# I think i am too old for taekowando.



## iwishicould (Sep 18, 2015)

I am turning 29 this year. I always had this dream to learn taekowando. But never had a chance or enough courage to do that. When I was a kid I was fat so I always thought people gonna make fun of me. 
Anyways recently I have found the taekowando federation in my town.
I went there twice to watch them practice. And realized im too old for this.
Can I really learn taekowando ? 
 how long does it take to complete the course ? ( I meant black belt)


----------



## jks9199 (Sep 18, 2015)

You are only roo old of you choose to be. Why not try?  What do you have to lose?

Sent from my SM-G920V using Tapatalk


----------



## kuniggety (Sep 18, 2015)

*And realized im too old for this. *No, you're not. A lot of people begin their training much older than you. I was about your age when I seriously got back into martial arts, although I did it for a couple of years as a kid.

*Can I really learn taekowando ?* Unless you have disabilities, which many people even learn to work around, then there is no reason you can't.

*how long does it take to complete the course ? ( I meant black belt)* Black belt, in most systems (TKD included) isn't completing the course... it's really the beginning of your study. It depends on the dojang and how much time you put into it but it's usually in the 3-5 year range.


----------



## oftheherd1 (Sep 18, 2015)

First, welcome to Martial Talk.  In regards to your question, what you are facing is your own defeatism.  Only you can overcome it.  I was 46 when I began studying Hapkido.  I have tested to 2nd Dan, and studied to 3rd Dan.  At 29 you are just a youngster. 

If you are still overweight, that is something you will need to work on.  A dojang is a good place to start (as well as a doctor).  I can't promise other students won't laugh at you, or complain about you, but most will not in a good dojang.  If you have a goal and are working towards it, and they can't accommodate to that, don't give them any more thought.  You are actually showing more initiative than they are, and just need to keep it up.


----------



## crazydiamond (Sep 18, 2015)

I can't comment on TKD, but you are still young. I started in a "MMA style" system last year at age 49. We have a wide range of students in the adult class from 15-58. I had been thinking about starting earlier at age 45, but focused on getting in shape before hand - including weightlifting, yoga, and light jogging. These routines helped me considerably before starting.  The biggest issue I face being older is when we have movements which take you down to the mat - but even there we have younger folks with back issues and the instructors offer various "move modifiers" to limit injuries or accommodate different students limitation. If I am hurting or injured or have issues doing something fully - I talk or send an email to my instructors before class and they are very accommodating to me. You can do it.


----------



## evelbug (Sep 18, 2015)

I was in my mid thirties and i started taking TKD and playing hockey.  I'm 40 now and testing for my 1st dan next month.  I have found there is a mathematical constant of the universe.  If I as a 40 year old train like I'm 20 one day, I'll feel like I'm 60 the next.  It all averages out.


----------



## crazydiamond (Sep 18, 2015)

evelbug said:


> If I as a 40 year old train like I'm 20 one day, I'll feel like I'm 60 the next.  It all averages out.

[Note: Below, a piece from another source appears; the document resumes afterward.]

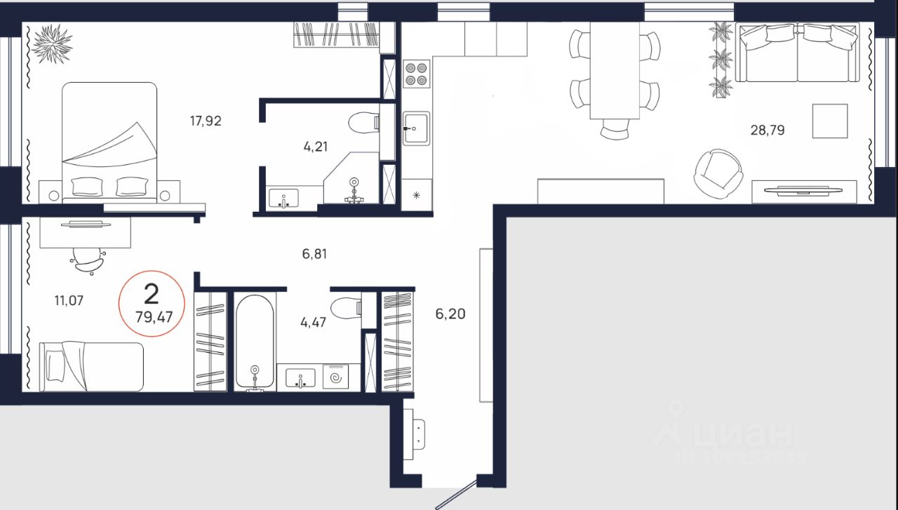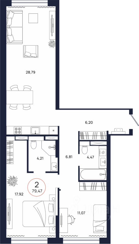 Общая площадь79,47 м²

Oh ya - there are those days where I feel like I am 25 or 30 (I am awesome!) - and then those days when I feel like 60 (WTF am I doing !). 

One additional thought -  is there a reason TKD or this particular school? I would look around and try or watch other schools or systems and class make up.


----------



## Flatfish (Sep 18, 2015)

I started TKD 2 years ago at 44, inflexible, stiff, old man hips and all. I will probably never be able to do the splits or kick as high as I want to but that does not keep me from enjoying what I do or improving. I competed in my first tournament last May.


----------



## The Great Gigsy (Sep 18, 2015)

Welcome to MT. Your never to old to learn something new. I started training JKD when I was 35. It may be a struggle in the beginning, but truthfully who wants to do something that isn't some what a challenge. I say if its always been a dream of yours follow Nike's and "just do it ".


----------



## TwentyThree (Sep 18, 2015)

I agree with the others - I started the martial arts at age 39.

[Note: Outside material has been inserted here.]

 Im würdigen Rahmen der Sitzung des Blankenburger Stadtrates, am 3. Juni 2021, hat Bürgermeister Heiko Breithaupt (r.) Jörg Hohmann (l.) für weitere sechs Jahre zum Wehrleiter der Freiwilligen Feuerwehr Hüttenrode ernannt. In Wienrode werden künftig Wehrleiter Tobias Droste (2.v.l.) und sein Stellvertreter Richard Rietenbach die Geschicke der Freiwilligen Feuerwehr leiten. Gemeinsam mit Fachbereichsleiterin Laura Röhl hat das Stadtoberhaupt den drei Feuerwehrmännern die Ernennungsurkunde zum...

That being said - there is no "complete the course" in any martial art. Black belt isn't the end of the journey.  It's really the beginning.


----------



## Tony Dismukes (Sep 18, 2015)

29? Too old?!?

Listen up, you young whippersnapper, you suckling babe, you snot-nosed kid, I don't want to hear any more of your bellyaching. You're in your athletic prime! Sign up for classes and start kicking.

Er ... or more diplomatically, what kuniggety said


----------



## lklawson (Sep 18, 2015)

iwishicould said:


> When I was a kid I was fat so I always thought people gonna make fun of me.


I tell kids this all the time: They'll make fun of you no matter what.  They just modify the mocking to fit the individual.



> I went there twice to watch them practice. And realized im too old for this.


No one has asked you this:  Why do you believe you're too old?



> Can I really learn taekowando ?


I dunno.  Can you?  Most people of average ability and competence can learn most physical and intellectual skills to average or better capability.  This includes everything from Welding to Physics to Martial Arts.  All it really takes is to be willing to put in the time and effort and to have competent instruction.  



> how long does it take to complete the course ? ( I meant black belt)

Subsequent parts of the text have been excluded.